• [Task requirements] Print only the lines from the one with "Selling a good" through the end of the data, exactly, and please omit pictures.

(Available records Opens)

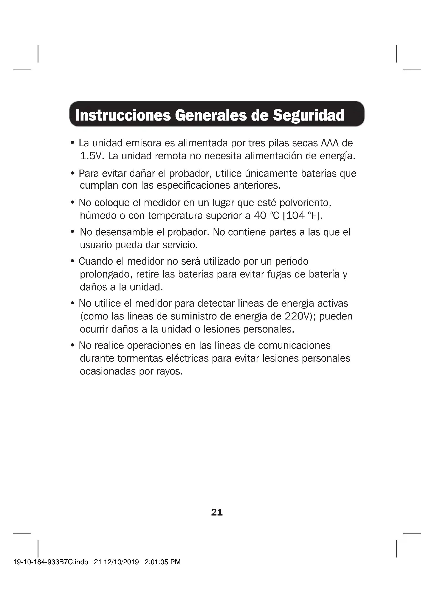No desensamble el probador. No contiene partes a las que el usuario pueda dar servicio.
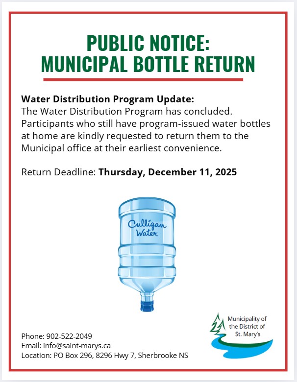 The Water Distribution Program has concluded. Participants who still have program-issued water bottles at home are kindly requested to return them to the Municipal office at their earliest convenience.
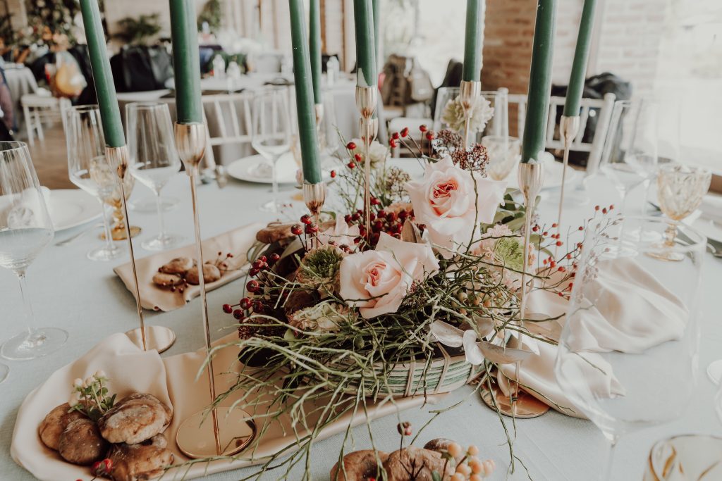 ¿Quieres una mesa navideña elegante pero sencilla? Incorpora velas aromáticas y pequeños detalles brillantes entre las flores. ¡Añadirán ese toque mágico y acogedor que todos aman!
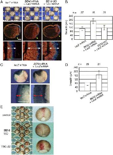 Fig. 4. Gastrulation defect caused by BENI mRNA. (A) lacZ mRNA (400 pg), BENI mRNA (1 ng) and lacZ mRNA, or BENI-MO (4 pmol = 34 ng) and lacZ mRNA were injected into both dorsoanimal blastomeres of 4-cell embryos. Vegetal view of embryos at stage 10 (top panels). There was no discernible delaying of gastrulation. Embryos were histologically examined and observed under diffuse light (middle panels). High magnification view of dorsal involuting marginal zone (IMZ) of the middle panels (bottom panels). Double-headed arrow indicates width of dorsal IMZ. Yellow arrowheads indicate the dorsal lip. Scale bar, 200 μm. (B) Width of dorsal IMZ was measured. (C) lacZ mRNA or BENI mRNA and lacZ mRNA was injected into both ventroanimal blastomeres of 4-cell embryos. Embryos were bisected at stage 10 (top panels). Highly magnified ventralIMZ of top panels (bottom panels). Double-headed arrow indicates width of ventralIMZ. Scale bar, 200 μm. (D) Width of ventralIMZ was measured. (E) lacZ mRNA (control, upper column), lacZ mRNA and BENI MO (middle column), and lacZ mRNA and TSC-22 mRNA (lower column) were injected into dorsoanimal blastomeres of 4-cell embryos. At stage 13, embryos were stained with Red-gal and the staining pattern observed.
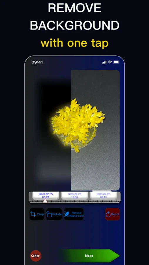 - Ability to remove the background and trim the frame, placing a timestamp on the video.
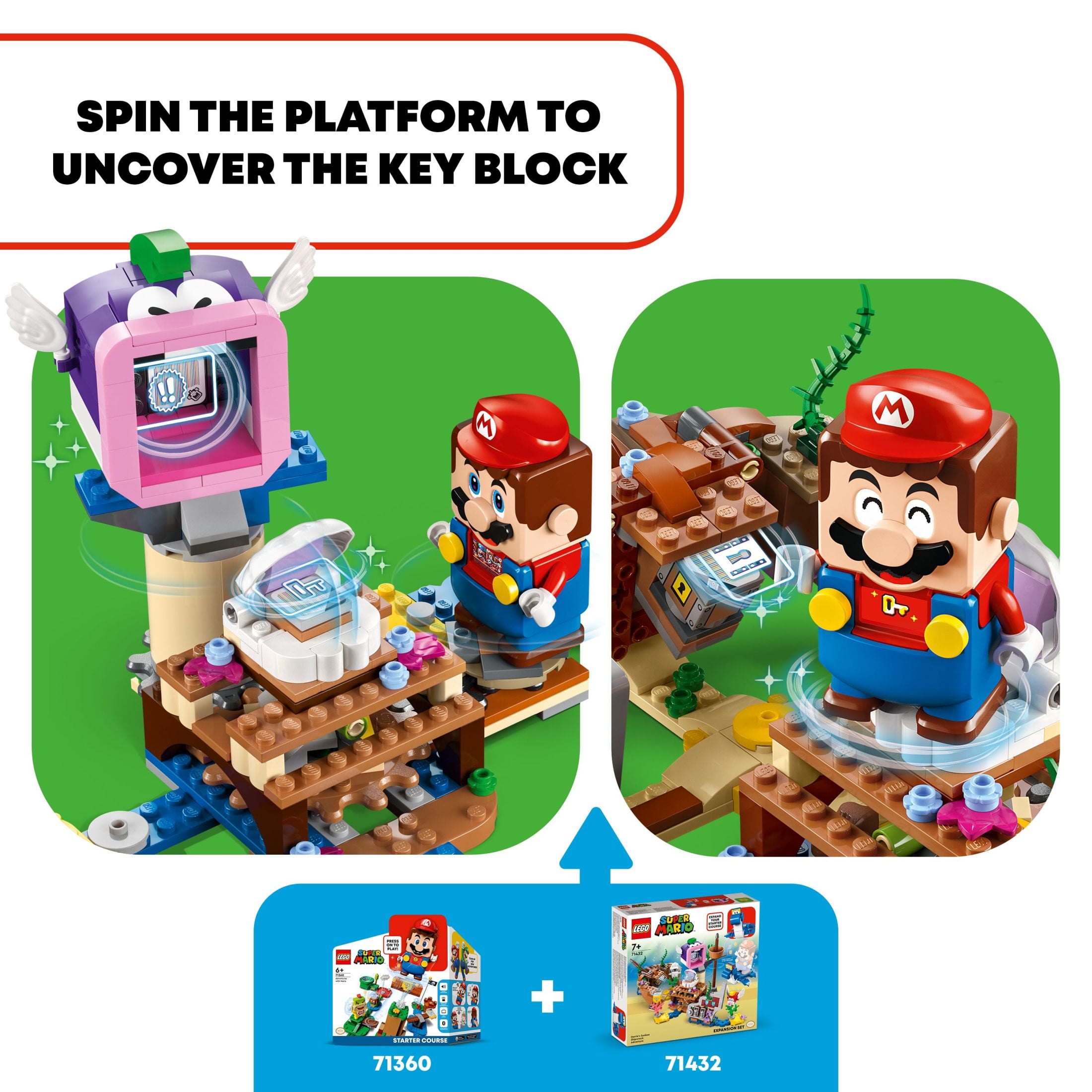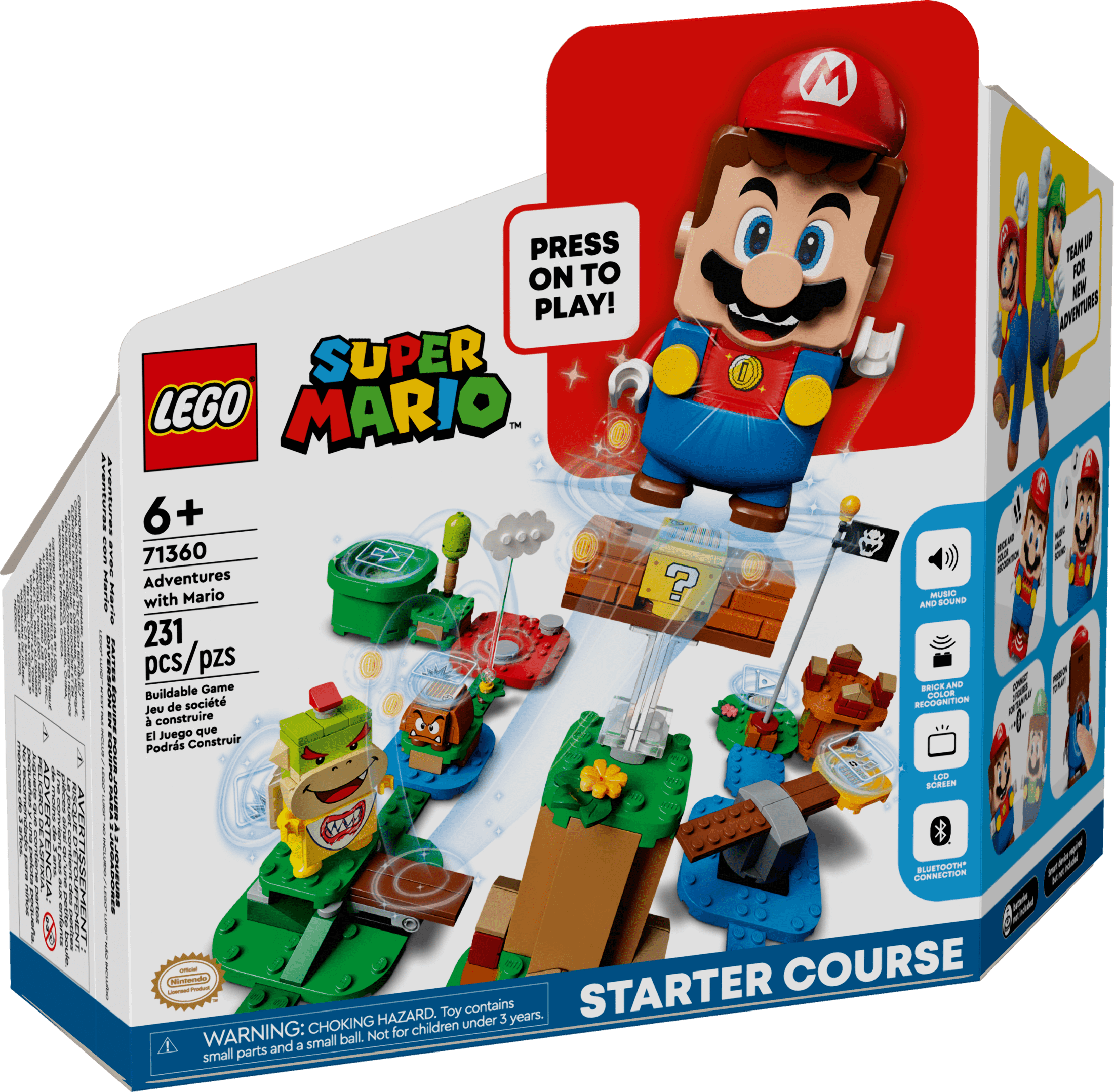 Fans can begin exploring the fun-packed LEGO Super Mario universe with the Adventures Mario Starter Course 71360, featuring 7 action bricks for different interactions with the LEGO Mario figure LEGO Mario has color sensors, plus LCD screens in his eyes, mouth and belly to display over 100 different instant reactions to movement. Also included is a speaker that plays iconic sounds and music from the video game In this super toy playset, LEGO Mario collects virtual coins as he runs and jumps from the Start Pipe to the Goal Pole via LEGO bricks, cloud platforms, the Question Block and clashes with the Goomba figure and Bowser Jr. figure This 231-piece, collectible LEGO playset makes a cool gift for kids aged 6+ who can build and play their own way and learn to solve problems while having lots of creative fun Rearrange the Starter Course and combine with LEGO Super Mario Expansion Sets to create more challenging levels and games to play with and against friends The LEGO Mario figure is powered by 2 x AAA batteries (not included), delivering a highly interactive in-game experience where players get instant feedback and rewards for creativity
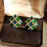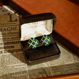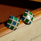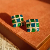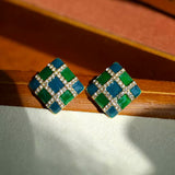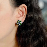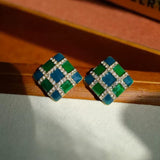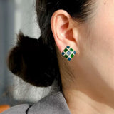 孔雀の美しい青緑の羽のような鮮やかな青緑色に小さな宝石を散りばめたような耳飾り。アール・デコ様式を彷彿とさせる美しさに溢れる幾何学柄。存在感がありながらも、派手になり過ぎない色使い。さりげなく優雅に視線を奪って。
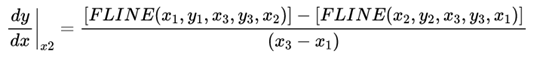 The Tangent at point (X2, Y2) can then be express in terms of FLINE
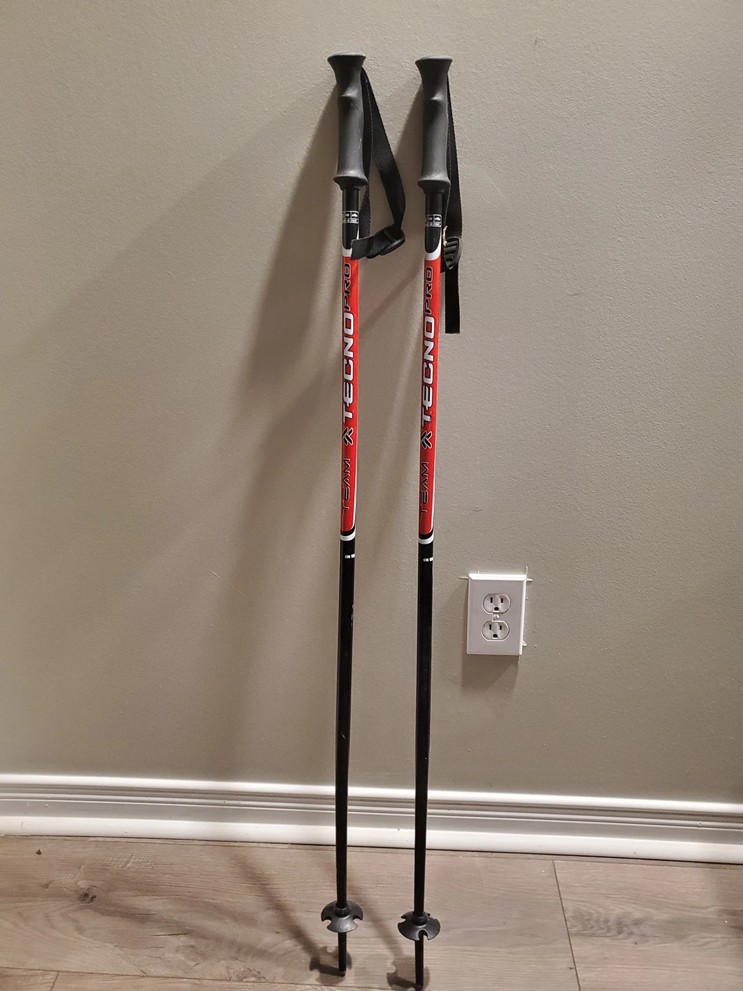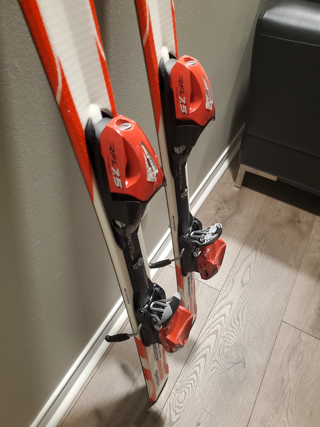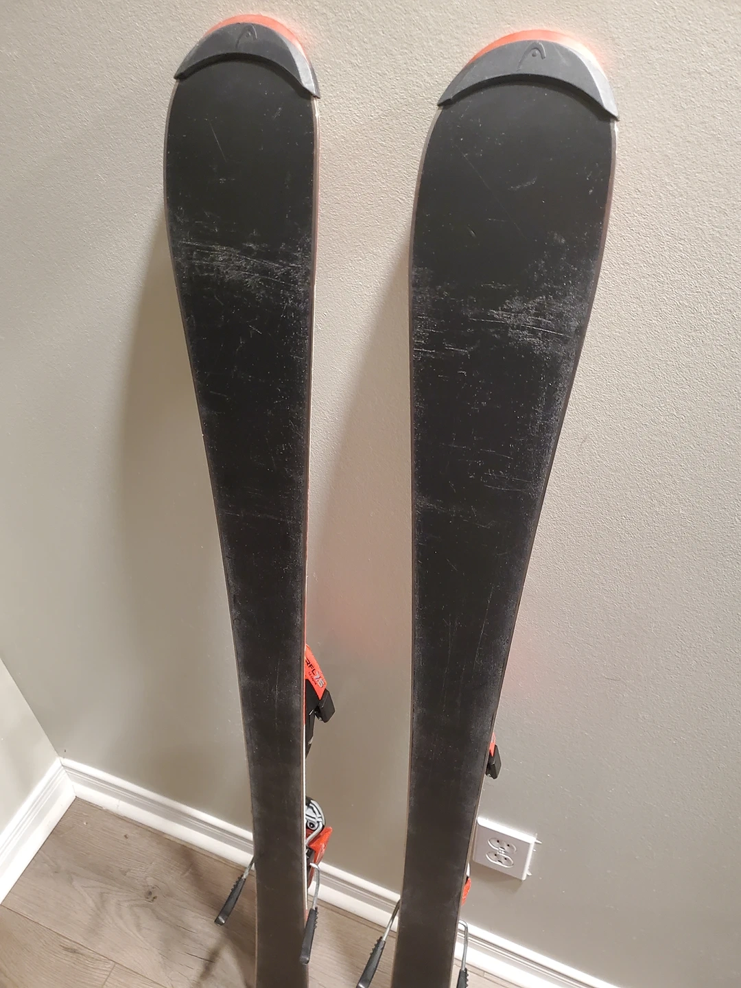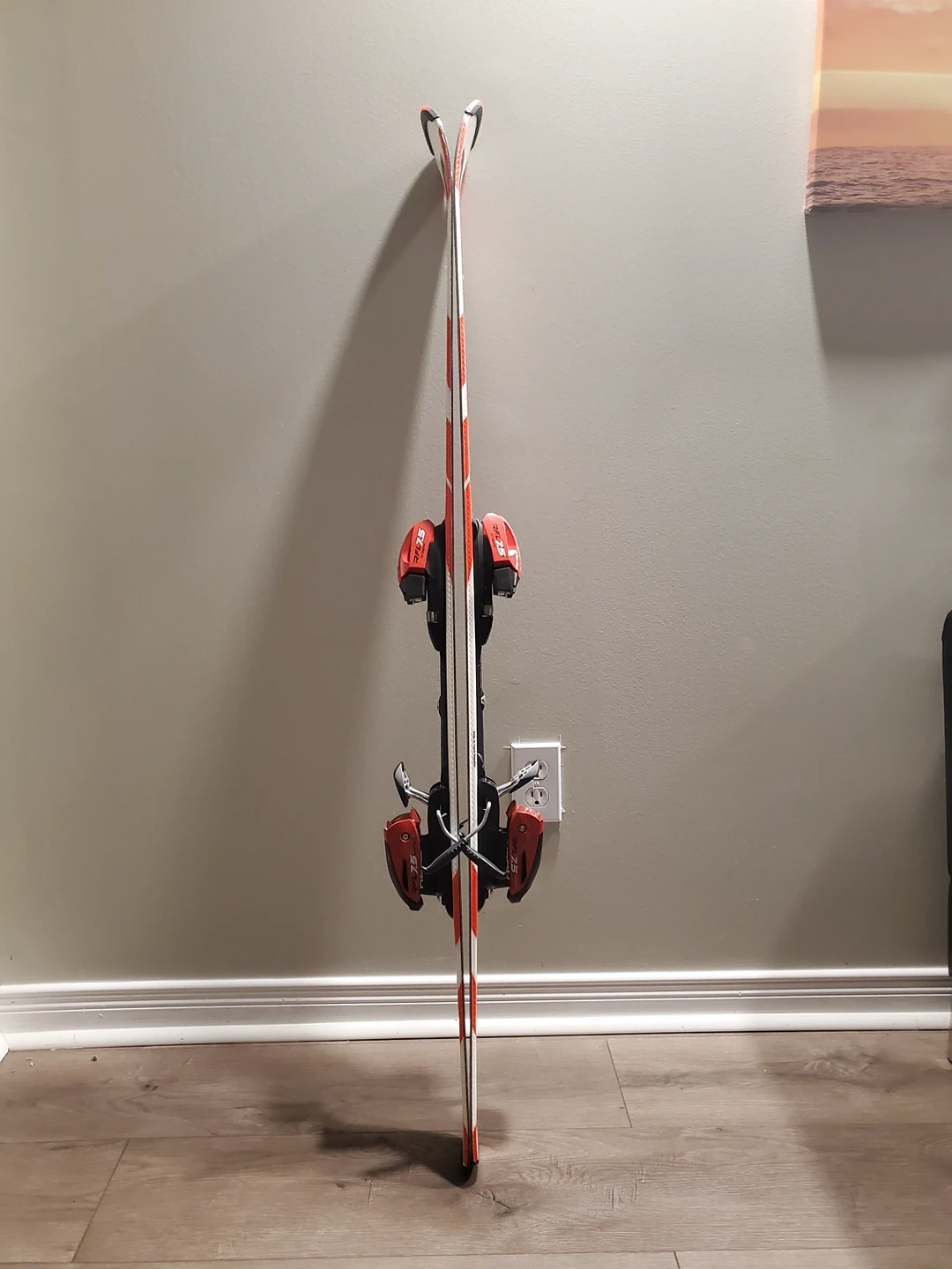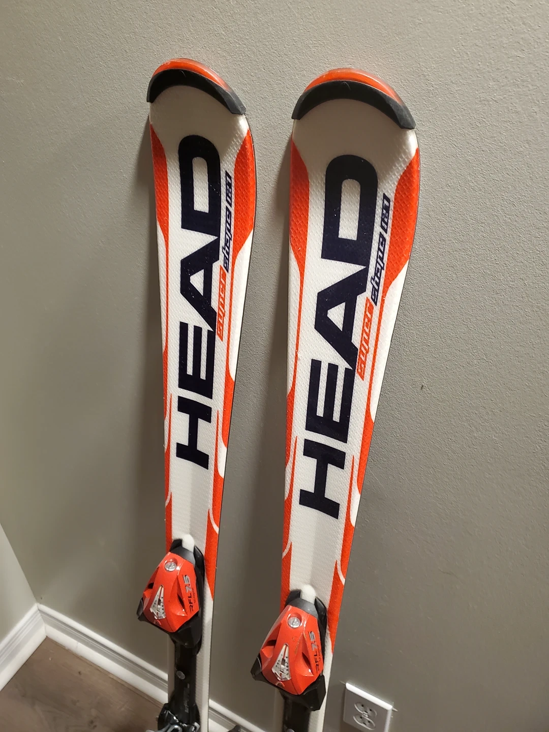 Selling a good condition pair of Head kids skis. 125cm tall. White and Red. Comes with a pair of red and white ski poles.
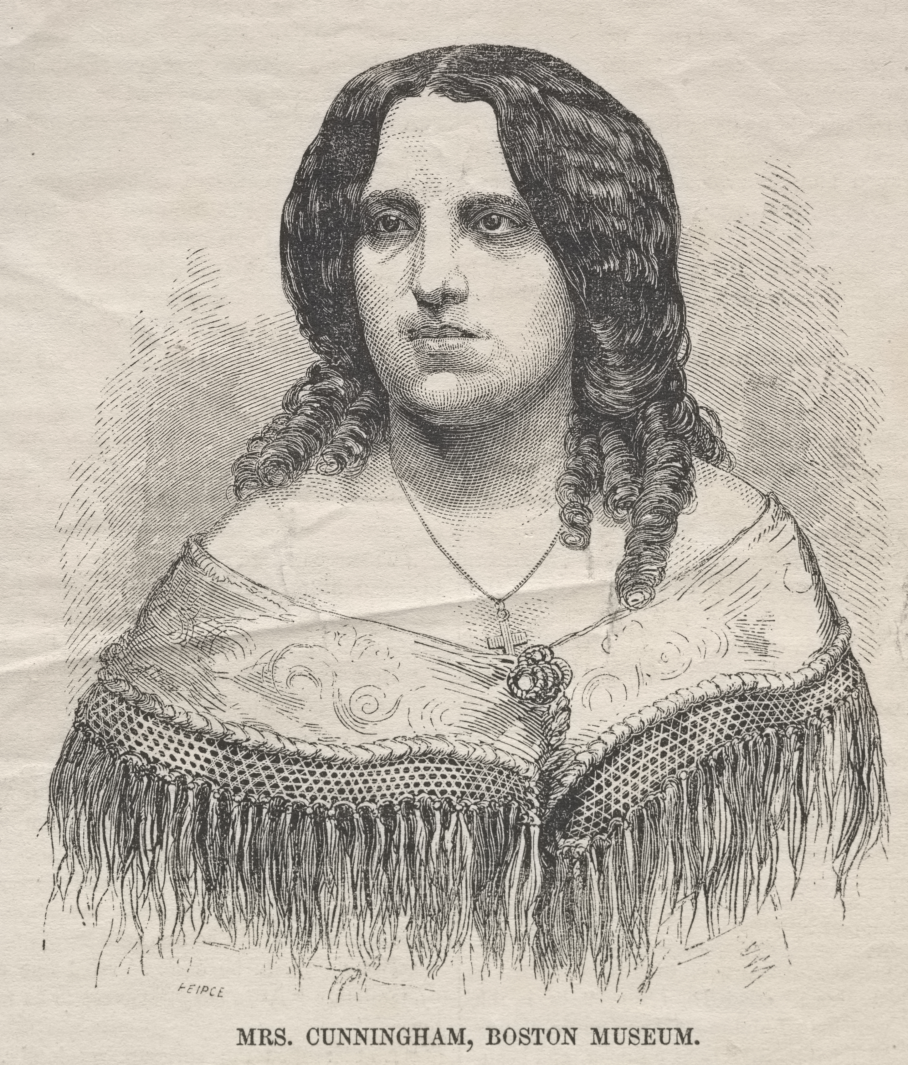 Black and white drawing of a woman with long, curly dark hair, wearing a shawl with fringe and a pendant necklace. The woman is drawn from the chest up and is looking straight ahead with a neutral expression. Her hair is parted down the middle and falls in loose curls on either side of her face. She wears a shawl with a decorative top edge and long fringe hanging down. A necklace with a pendant in the shape of a cross hangs around her neck. The background is a light-colored texture with lines radiating out behind the woman's head. Text at the bottom reads "MRS. CUNNINGHAM, BOSTON MUSEUM".
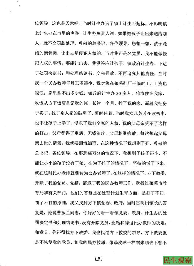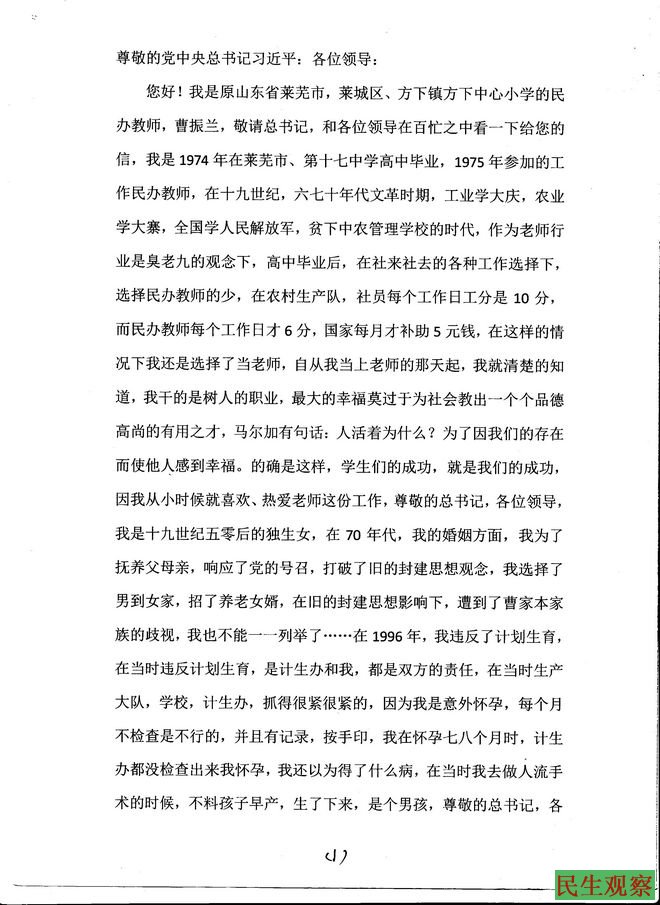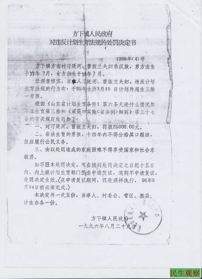 山东曹振兰“超生”遭抄家罚款 重复处理任教二十多年被辞退

(Available records Closes)

• [Exercise output]
 Selling a good condition pair of Head kids skis. 125cm tall. White and Red. Comes with a pair of red and white ski poles.
 Black and white drawing of a woman with long, curly dark hair, wearing a shawl with fringe and a pendant necklace. The woman is drawn from the chest up and is looking straight ahead with a neutral expression. Her hair is parted down the middle and falls in loose curls on either side of her face. She wears a shawl with a decorative top edge and long fringe hanging down. A necklace with a pendant in the shape of a cross hangs around her neck. The background is a light-colored texture with lines radiating out behind the woman's head. Text at the bottom reads "MRS. CUNNINGHAM, BOSTON MUSEUM".
 山东曹振兰“超生”遭抄家罚款 重复处理任教二十多年被辞退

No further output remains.